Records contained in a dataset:
BEGIN

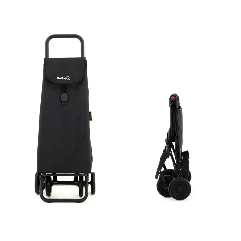 Carro con 4 ruedas plegable de 55L capacidad. El compartimento principal con cierre ajustable con cordón. En su interior tiene un bolsillo y un bolsillo  trasero. Solapa ribeteada
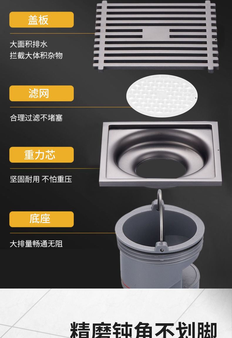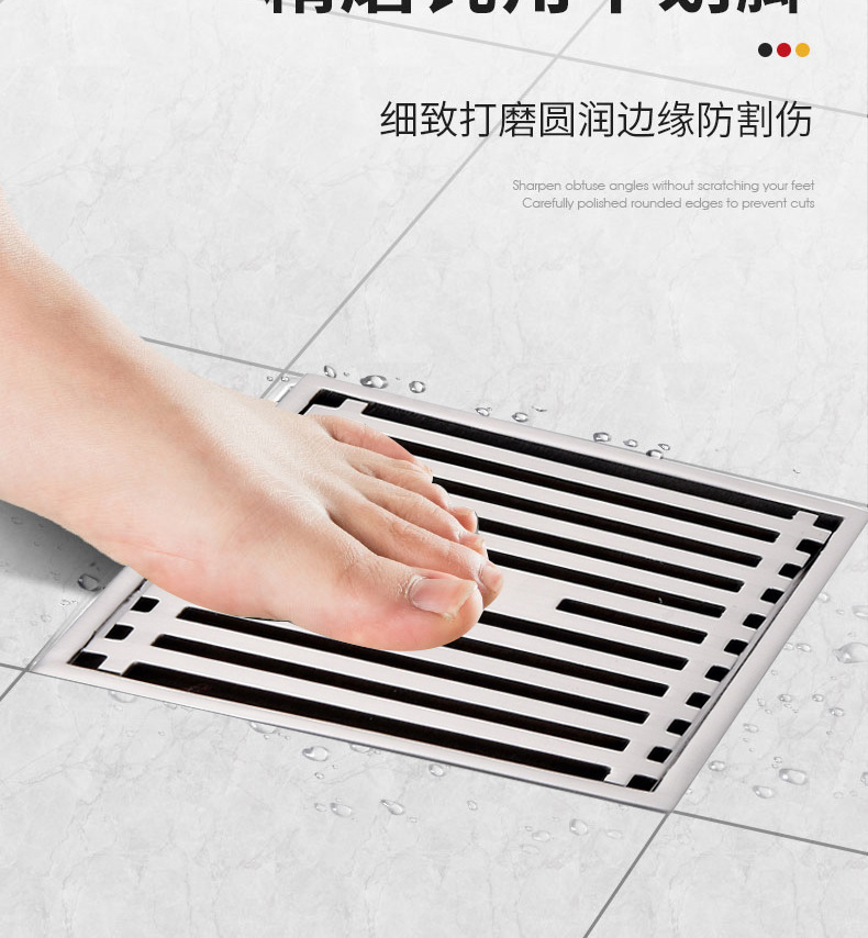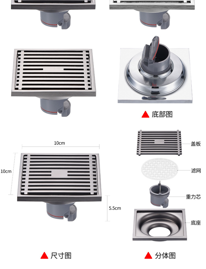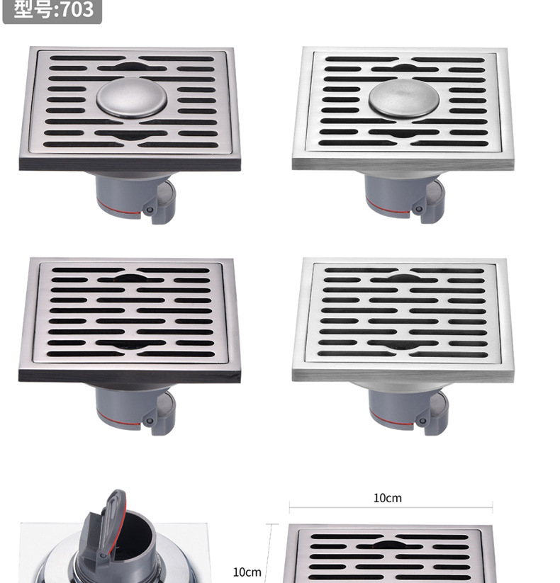 Pistola de drenaje gris de 9 cm, drenaje de suelo de acero inoxidable, drenaje de suelo maloliente, drenaje de suelo cuadrado, Sala de ducha, alcantarillado anti - bloqueo, gran desplazamiento
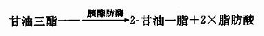 食物中的脂肪乳化后,被胰脂肪酶催化,水解甘油三酯的1和3位上的脂肪酸,生成2-甘油一酯和脂肪酸。此反应需要辅脂酶协助,将脂肪酶吸附在水界面上,有利于胰脂酶发挥作用。
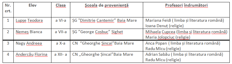 - Bernadette Ingrid Gaspar, clasa a IX-a, Liceul Teoretic ”Petru Rareș” Tg. Lăpuș;
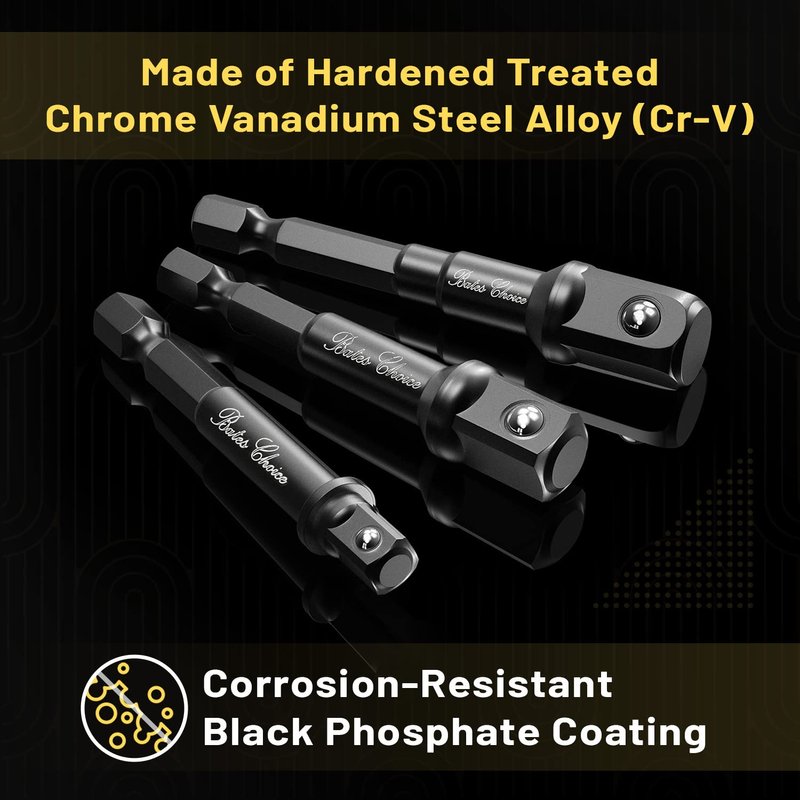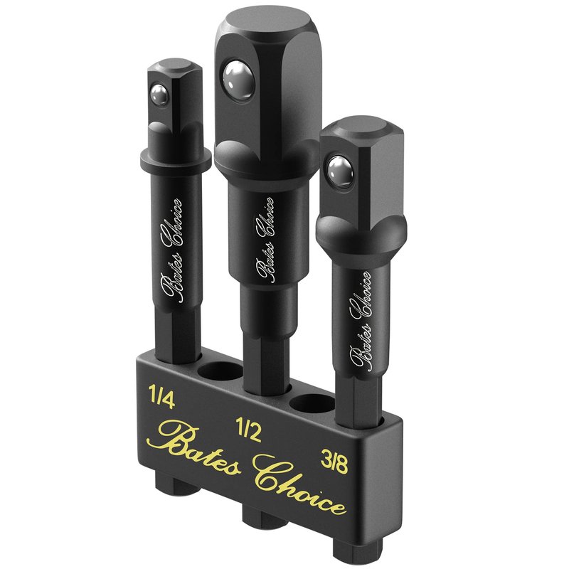 Bates- Impact Socket Adapter Set, 3 PCS, 1/4", 3/8" and 1/2", with Holder, Socket Adapter Set, Impact Socket Adapter, Socket Adapter Set, Socket Adapter for Drill, Impact Driver Socket Adapter
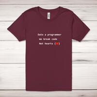 Date A Programmer Adult T-Shirt\nA geeky adult t-shirt with "Date A Programmer We Break Code Not Hearts" printed across the front of a 100% cotton* t-shirt. This geeky t-shirt is great as a gift for any occasion.\nAll of our adult t-shirts are designed and hand-printed in the UK and are manufactured from quality 100% pre-shrunk jersey cotton knit for substantial softness and comfort. When quality, durability and substance count, this is the tee everyone can agree on. Featuring a crew neck, short sleeves, twin needle sleeve and bottom hems and unisex sizing. Available in sizes Extra Small to 5XL*.\n\n*Black & White tees available in sizes XS - 5XL, all other colours available XS - 2XL\n\nSize Guide\nUnisex adult t-shirts are measured around the chest, in inches\n\nXS 32/34"\nS 34/36"\nM 38/40"\nL 42/44"\nXL 46/48"\n2XL 50/52"\n3XL 54/56"\n4XL 58/60"\n5XL 62/64"\n\nSee more on our clothing size guide (opens in new tab)\n\n\nPlease Note\nAll of our t-shirts are hand-printed to order, as a result, colours may vary between prints - images are for illustration purposes only.\n\n
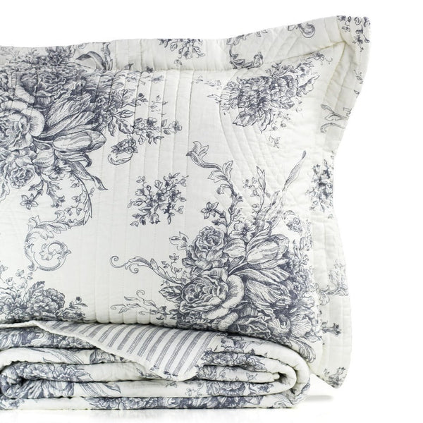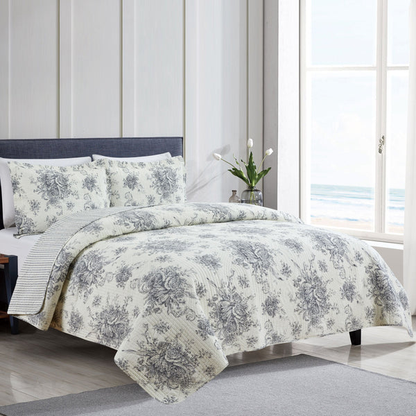 Crafted from a 100% cotton shell with a light cotton fill, this quilt set is warm, beautiful and made to last. Our classic Toile print reverses to Bamboo Stripes.
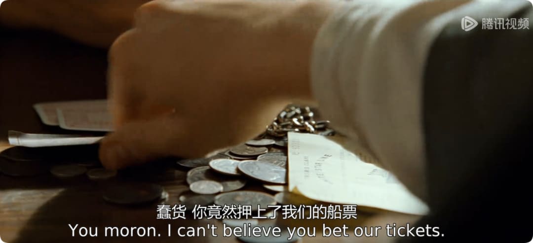 赌注不仅仅是身上的零钱,还包括一把小刀、一块怀表,以及最关键的——两张泰坦尼克号三等舱的船票。
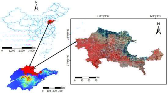 With the advance of remote sensing technology and machine learning, multitudes of studies on the extraction of the ISA have been conducted using remotely sensed data. As early as 2003, Murray et al. estimated the spatial distribution of the ISA based on Landsat images using the VIS model []. Subsequently, Lu et al. explored the extraction of the ISA with a multi-resolution remote sensing image in 2014 [], and from then on, multisource images began to be extensively applied to ISA mapping. Piyoosh et al. developed a novel urban index called NRUI for identifying urban areas, and their experimental result revealed that NRUI was able to effectively discriminate urban area from soil []. In recent years, Shrestha Binita et al. combined Sentinel-1/2 data to yield ISA spatial distribution data [], which provided new perspective on ISA mapping through synergic use of optical and radar data. Due to its powerful data fitting capabilities, machine learning is extensively adopted for land use/land cover mapping in remote sensing fields. For example, Liu et al. estimated the fraction of the ISA using random forest regression in the Nansi Lake region []. Liu et al. presented a method for extracting ISA information based on combined kernel support vector regression []. Zhang et al. developed an ISA mapping method through combining multi-temporal Landsat data with a decision tree algorithm over the Pearl River Delta area []. Additionally, a few studies have been performed for the investigation of ISA in the Yellow River Delta through reviews. Liu et al. obtained the ISA distribution data in Dongying City in 2019 by integrating Sentinel-1/2 remotely sensed data with a random forest approach, which exhibited the potential of multi-source multi-modal data to produce ISA information []. The research on the impact of the expansion of the ISA on the ecological environment has been conducted with Bohai Bay Rim (covering Dongying City and Binzhou City) as the study area []. Currently, the major approach to extract the ISA focused on the combination of optical remotely sensed data and spectral indices generated with a calculation among different bands [,].
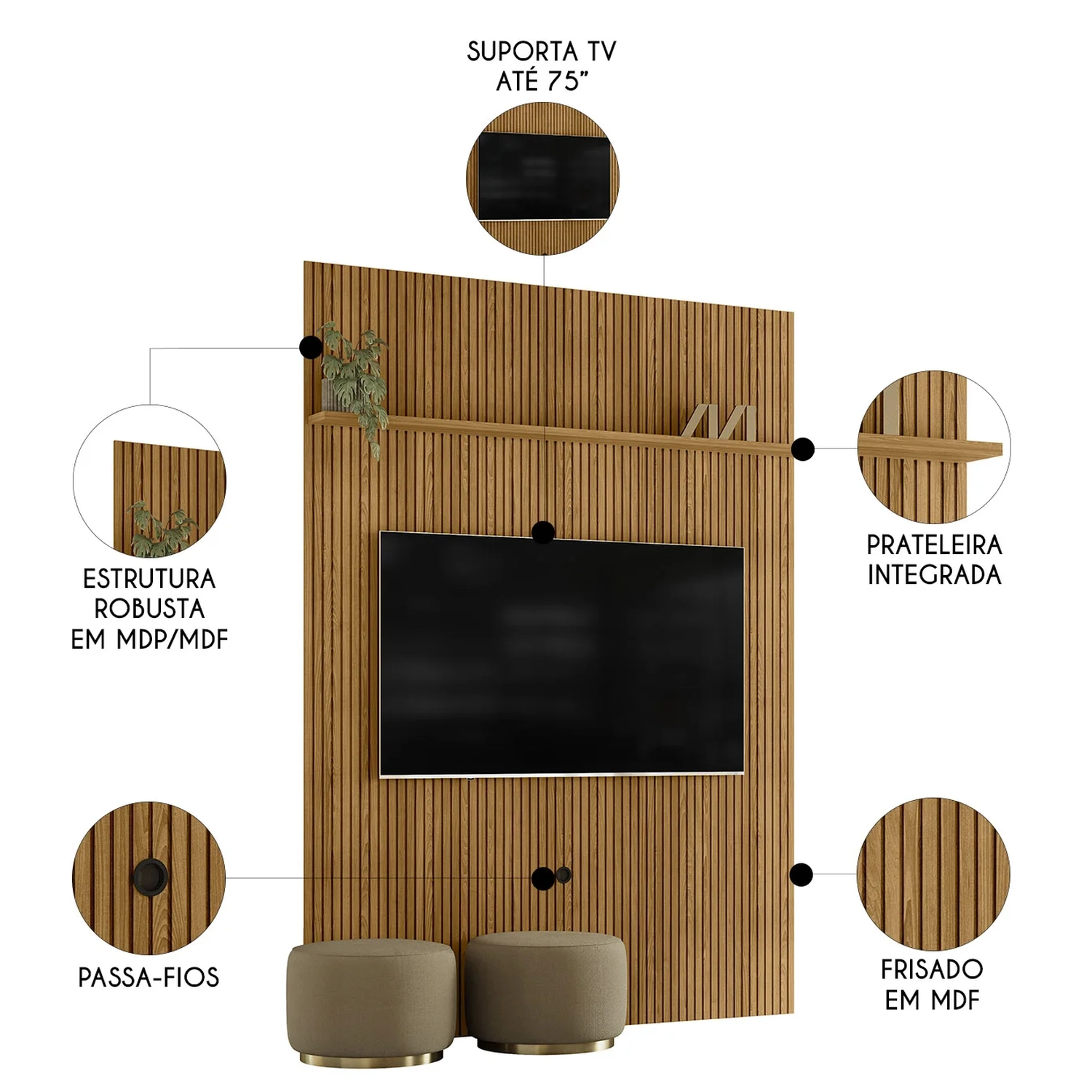 - Suporte para TVs de 75 polegadas.
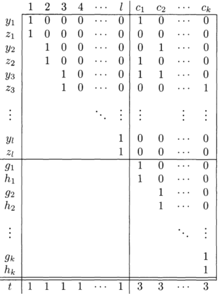 Every boolean variable will correspond to 2 numbers and , while every clause corresponds to 2 numbers and .
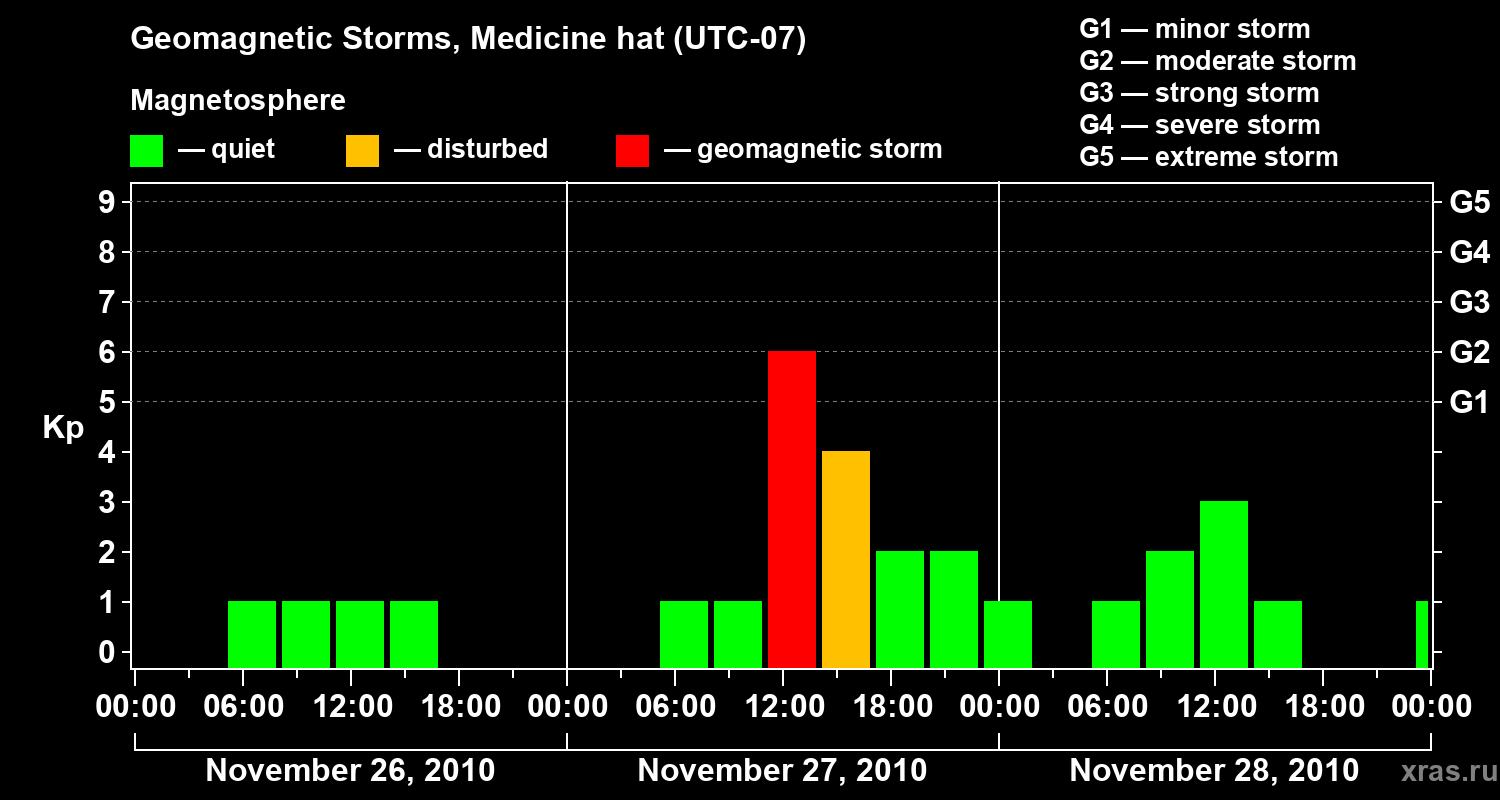 Geomagnetic storms in Medicine hat on Nov 28, 2010
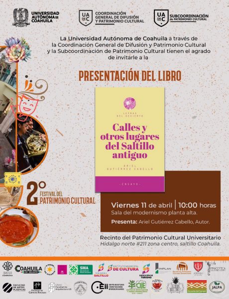 Este viernes se llevará a cabo la presentación del libro “Calles y otros lugares del Saltillo antiguo” de Ariel Gutiérrez Cabello, a las 11:00 horas la presentación artística 12:00 horas la plática “Plantas medicinales de Viesca y la Región”, 13:30 horas presentación Atlas del Patrimonio del IMPLAN, 14:00 horas clausura y la presentación del Libro del Dr. Carlos Manuel Dávila en la Galería de la Facultad de Ciencias Sociales.
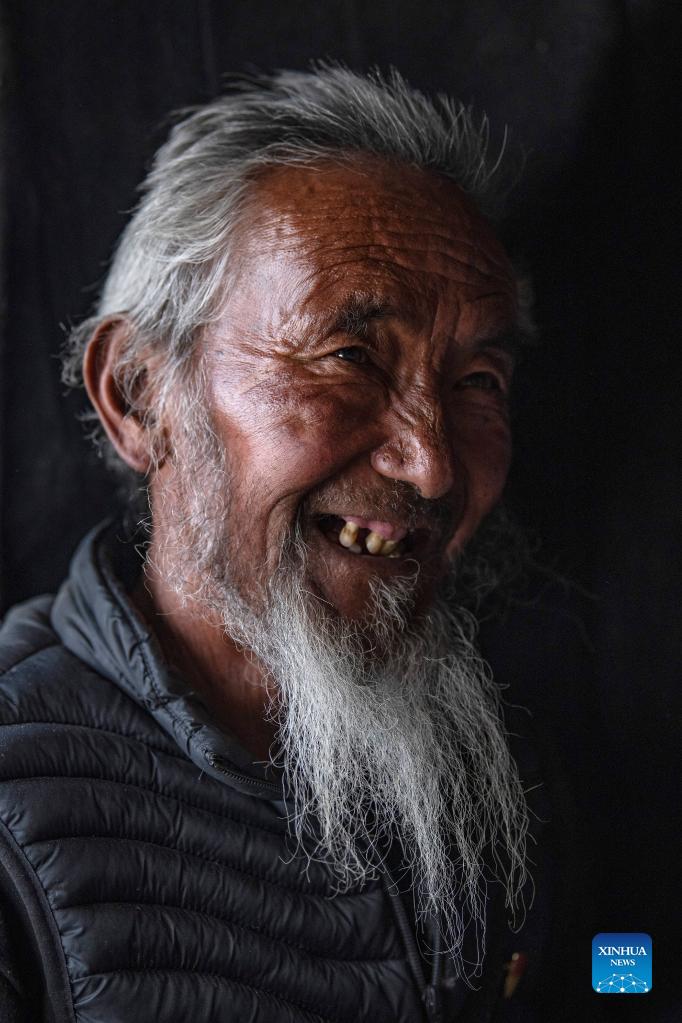 Photo taken on May 12, 2021 shows a portrait of Wangyel in Qumig Village of Gyangkar Township, Dinggye County, southwest China's Tibet Autonomous Region. Wangyel, born in 1951, was once a serf leading a miserable life since childhood. He and his mother depended on each other as his father died in his thirties. Together with tens of thousands of other serfs, Wangyel embraced a brand new life in 1959, when the democratic reform was launched in Tibet and feudal serfdom was abolished. His family secured land, houses and livestock. Wangyel entered elementary school, studied medicine after graduation, and became a village doctor in his hometown. Wangyel, who is kind and obliging by nature, has been getting along well with the villagers. He later started serving as the head of the village committee and the secretary of the Communist Party of China (CPC) branch of his village. As sandstorms constantly frequented the local area, Wangyel strived for funds of sand control and organized villagers to plant trees to improve the environment. Wangyel also devoted himself to helping locals lead a better life by developing collective economy. At present, the household number of the village has grown from 18 to 206, with an average annual per capita net income of more than 10,000 yuan (about 1,571 U.S. dollars). "My parents would be very gratified to see the present life if they could live till now," said Wangyel. (Xinhua/Sun Ruibo)

END

## Directions
The lines above starting at the one that holds "Crafted from a" and ending at the one that holds "赌注不仅仅是身上的零钱,还包" are to be written out exactly, ends included, and no pictures are to be copied.

## Task output
 Crafted from a 100% cotton shell with a light cotton fill, this quilt set is warm, beautiful and made to last. Our classic Toile print reverses to Bamboo Stripes.
 赌注不仅仅是身上的零钱,还包括一把小刀、一块怀表,以及最关键的——两张泰坦尼克号三等舱的船票。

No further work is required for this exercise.